Dr Piotr Kijanka at the 2024 IEEE Ultrasonics, Ferroelectrics, and Frequency Control Joint Symposium
Dr Piotr Kijanka, professor at the Faculty of Mechanical Engineering and Robotics, ranked first and third in two categories at a-Mem Challenge 2024 which evaluates the quality of the developed algorithms used to estimate elastic modulus in ultrasonic elastography. The competition has seen participants of the international “2024 IEEE Ultrasonics, Ferroelectrics, and Frequency Control Joint Symposium,” held on 22–26 September 2024 in Taipei (Taiwan).
“Participants in the competition received raw measurement data collected from various soft materials in two categories: propagating shear waves from impulse sources with a focused ARF beam (acoustic radiation force) and propagating shear waves from harmonic (continuous) sources. The task was to create two-dimensional elasticity maps for both homogeneous and heterogeneous materials,” reported Professor Piotr Kijanka.
The AGH University scholar took the 1st place in harmonic elastography, whereas in impulse elastography he was ranked third.
“The biggest difficulty in both categories was adapting the algorithms to work as optimally as possible for all the data provided. Due to the variety of materials tested, both homogeneous and heterogeneous, it was crucial to develop a solution that would accurately estimate the elastic modulus in all cases while effectively detecting and analysing the propagating transverse waves.”
Dr Piotr Kijanka during the IEEE Ultrasonics, Ferroelectrics, and Frequency Control Joint Symposium. Photograph: private archive
In ultrasound elastography, ultrasonic waves which penetrate into the body are used as a probe. Organs subjected to impulses of a focused acoustic beam begin to gently vibrate and emit elastic transverse waves registered by the device. The technique takes advantage of the fact that pathological processes cause gradual changes in the mechanical properties of organs. Diseased organs subjected to an impulse of a focused acoustic beam vibrate differently from healthy organs, which translates into a change in the speed and profile of propagation of transverse waves. If they deviate from the reference values, this is a signal that something wrong is happening in the patient's body.
The development of more accurate algorithms used in ultrasonic elastography can help, among other things, to overcome the problem of reproducibility of tests obtained with this technique resulting from different equipment configurations or different measurement standards used by equipment manufacturers.
“Another benefit is increased precision in detecting and differentiating pathological changes. More accurate algorithms identify subtle differences in tissues better, which is particularly relevant in the diagnosis of neoplasms, fibrosis, and other diseases of organs such as liver and pancreas. Doctors can more quickly and accurately assess the stage of the disease and differentiate between benign and malignant lesions, which reduces the time from the diagnosis to the implementation of the right treatment,” explained Professor Kijanka. “The reliability of the measurements also improves the ability to monitor disease progression and the effectiveness of therapy over the long term.

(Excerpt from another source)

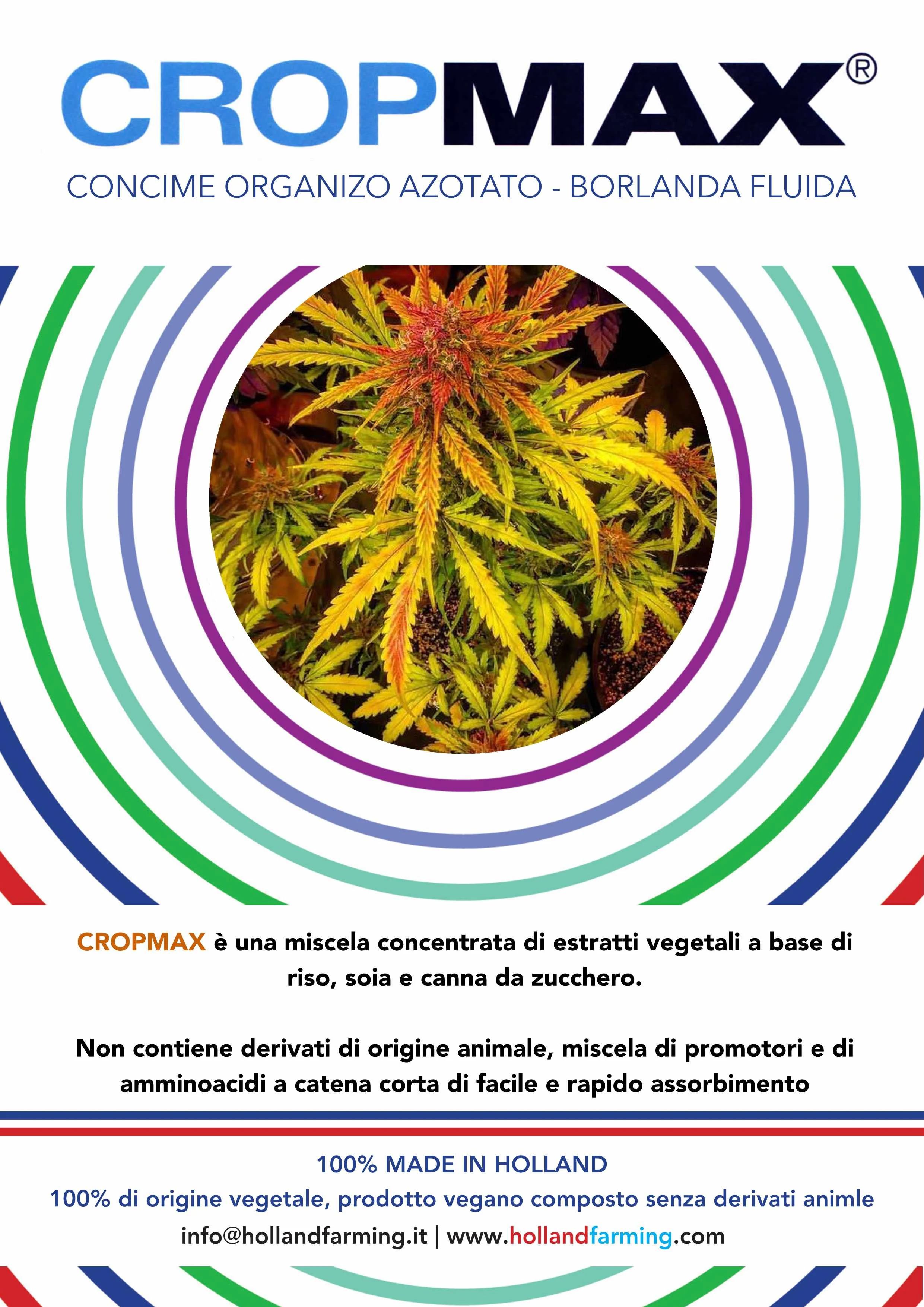Cropmax est un engrais foliaire ultra-concentré contenant des stimulateurs de croissance, des vitamines d'origine végétale, des polysaccharides, des enzymes et des macro et micro-éléments. En raison de sa forte concentration, la dose d'engrais utilisée est de 0,5 à 1 litre pour 1 hectare ou 5 ml de produit par litre d' eau.

Owing to accurate and reproducible results, doctors can assess whether a patient is responding to treatment with greater certainty, which allows to dynamically adjust the therapy. It is particularly valuable in case of chronic diseases such as liver fibrosis, as the state of the tissue may change in response to treatment."

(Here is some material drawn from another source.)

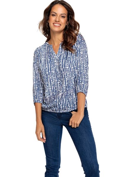 – czysta wiskoza- dekolt: V- zapięcie: skrócona listwa guzikowa- zakończenia rękawów: elastyczne- długość rękawa: 7/8- krój: prosty- dolny brzeg: elastyczny- wzór: na całości
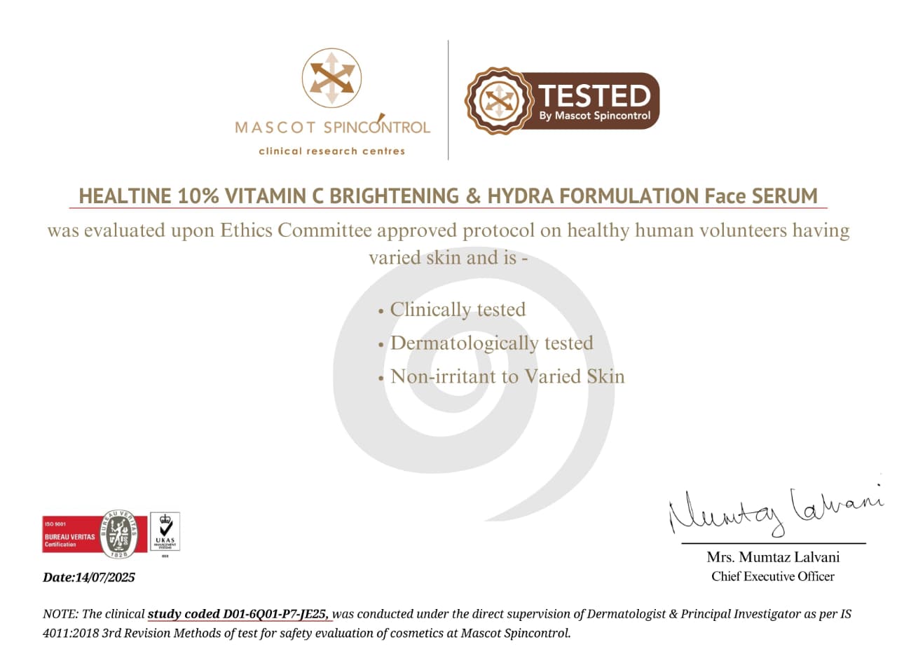 Healtine 10% Vitamin C Brightening & Hydra Formulation Serum-(30ml)

More accurate algorithms may also obviate the need for invasive examinations in the future, which in some cases may be replaced by ultrasound elastography.

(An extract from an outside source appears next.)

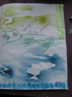 Whilst 'blurfing' the other day I found a facebook page called Just Journal which has prompts and step by step photos to start creating your own art journal, last night i began with the first double page and came up with this

The idea behind the Algorithms for Mapping Elastic Modulus (a-MEM) Challenge 2024 is to challenge the community to devise more accurate and precise algorithms for elastic modulus estimation, raise greater awareness of the challenges associated with elastic modulus estimation, and gain further knowledge on why certain approaches fail. The organisers were also guided by the strive to identify the most promising approaches to elastic modulus estimation and provide a benchmark and public data for the future development of SWS and elastic modulus estimation algorithms.